# Instructions to follow
From the line that holds "На этом этапе" down to the last line of the listing below, reproduce each line exactly and nothing more, omitting pictures.

# Raw data
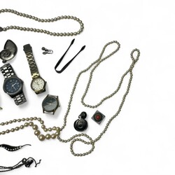 | Kavel | 2934. Stoffen kistje met bijoux en twee horloges |
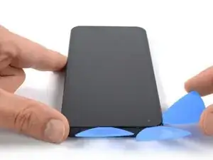 На этом этапе заднее стекло должно отделиться от рамки. Если по краям стекла остаётся сопротивление, используйте медиатор, чтобы отделить оставшийся клей.
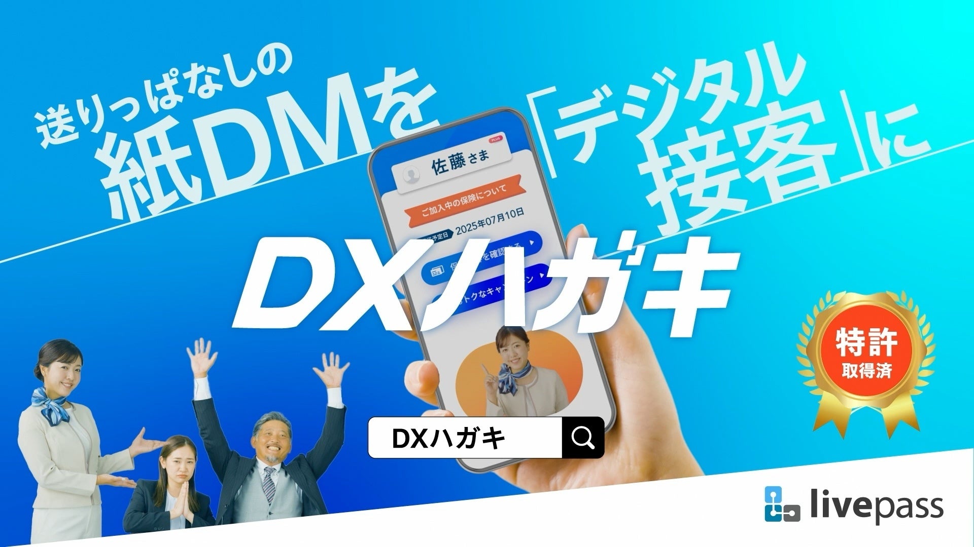 livepass株式会社(本社:東京都港区六本木、代表取締役CEO:中村旭宏、以下、livepass)は、独自の特許技術をベースにした企業ー生活者のパーソナライズ・コミュニケーションソリューション「DXハガキ」のCMを公開いたしました。

# Solution for this task
 На этом этапе заднее стекло должно отделиться от рамки. Если по краям стекла остаётся сопротивление, используйте медиатор, чтобы отделить оставшийся клей.
 livepass株式会社(本社:東京都港区六本木、代表取締役CEO:中村旭宏、以下、livepass)は、独自の特許技術をベースにした企業ー生活者のパーソナライズ・コミュニケーションソリューション「DXハガキ」のCMを公開いたしました。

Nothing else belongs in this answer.